Bagaimana tidak, beliau yang dahulunya begitu perkasa di depan santri, kalau marah tidak ada satu santripun yang berani mendongakkan kepala, bahkan jika saya akan menghadapnya untuk satu urusan, saya harus membaca mantera-mantera doa agar tenang dan tidak grogi.
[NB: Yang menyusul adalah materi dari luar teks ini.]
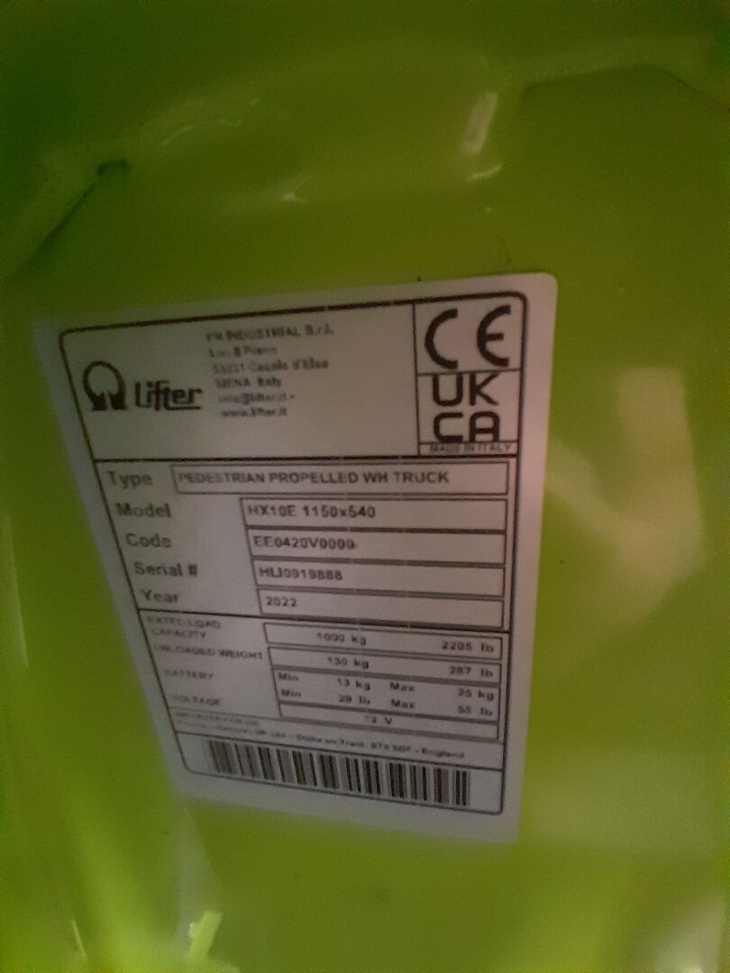 1 transpalette semi-électrique LIFTER PRAMAC HX 10E No HLi 0091888 de 2022 (frais de mise à disposition 10 € TTC)

Tapi saat ini, bicaranya begitu pelan dan jika berjalan harus dibantu dengan tongkat bahkan dipapah oleh santri-santrinya.  

Pada periode saya masih di pondok, Buya yang tidak memiliki body tinggi besar bahkah boleh dibilang kurus-kecil, tapi beliau sangat kuat, bicaranya berapi-api, dan kata-katanya sangat keras sampai urat lehernya tampak menonjol. Beliau turun langsung memimpin santri tandzif (membersihkan) pondok, berolah-raga, lari pagi sambil mensyi'arkan pondok.
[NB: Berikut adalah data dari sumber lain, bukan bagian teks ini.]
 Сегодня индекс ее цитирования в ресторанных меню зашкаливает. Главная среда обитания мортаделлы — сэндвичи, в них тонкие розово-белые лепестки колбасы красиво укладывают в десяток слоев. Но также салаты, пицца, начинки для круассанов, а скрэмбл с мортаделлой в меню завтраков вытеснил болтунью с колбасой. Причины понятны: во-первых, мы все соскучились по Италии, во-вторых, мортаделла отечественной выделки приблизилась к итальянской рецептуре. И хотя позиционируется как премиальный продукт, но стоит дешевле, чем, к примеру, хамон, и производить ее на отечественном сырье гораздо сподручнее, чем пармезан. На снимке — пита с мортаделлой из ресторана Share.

Para santri akan mengikuti Jambore Pramuka di PM. Gontor tahun 1990/koleksi pribadi
Para santri akan mengikuti Jambore Pramuka di PM. Gontor tahun 1990/koleksi pribadi
Dalam mendidik, Buya benar-benar sangat keras dan mendisiplinkan para santrinya tanpa pandang bulu, termasuk kepada para mudabbir (pengurus), ustadz, keluarga, bahkan Umi pun harus mengikuti aturan dan disiplin pondok. Dalam hal ini beliau sering menyitir potongan Qs. Al-Fath, ayat 29:

"Bersikap keras terhadap orang-orang ingkar, tetapi berkasih sayang kepada sebagiannya"

Bagi siapa saja yang melanggar aturan pondok harus menerima sanksi berupa hukuman berdiri, ngorondang (berjalan dengan merangkang), direndam, digunduli, ditempeleng, hingga dikeluarkan dari pondok.
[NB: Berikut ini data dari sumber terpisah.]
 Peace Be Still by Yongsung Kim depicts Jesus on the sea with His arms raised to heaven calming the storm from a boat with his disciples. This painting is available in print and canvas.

Walaupun demikian, karena Buya ikhlas agar santrinya menjadi lebih baik, maka para santri yang bersungguh-sungguh akan tetap bertahan dan jika dikeluarkanpun, akan kembali menghadap agar dapat diterima kembali menjadi santri.

Walaupun saat dahulu dihukum kami merasa sedih dan menangis, tapi didikan dan hukuman ini sangat membekas di hati para santri, terutama setelah kami terjun di masyarakat didikannya itu sangat bermanfaat. Saya dan mungkin para santri hanya mampu berucap, "Haturnuhun Buya kana kasaeanna. Semoga ilmu dan didikannya berberkah...Semoga menjadi amal kebaikan untuk Buya dan seluruh santri. Dan semoga kita semua bisa berkumpul kembali di dalam Surga-Nya kelak...!"

Umi Syaja'ah Setia Mendampingi Buya Selama 40 Tahun Hingga Wafat

Umi muda, merupakan gadis manis yang qurrata a'yunin, adalah wanita shalehah yang kemudian menjadi isteri Buya sebagai kado istimewa dari pasangan suami-isteri (H. Hidayat & Hj. Hafsah) yang menjadi jama'ahnya saat Buya memulai perintisan pondok di Cikungkurak.

Sifat Umi yang lembut, penurut dan ta'at, sangat mendukung penggapaian Buya dalam meniti cita-citanya membangun pondok. Watak Buya yang keras dalam menerapkan disiplin bagi santrinya, seolah dilengkapi oleh sifat Umi yang sabar dan penyayang kepada santri. Jika santri mendapatkan hukuman dari Buya, maka Umi akan hadir layaknya seorang ibu yang menghibur dan memotivasi agar anaknya tidak menangis dan tumbuh semangat kembali.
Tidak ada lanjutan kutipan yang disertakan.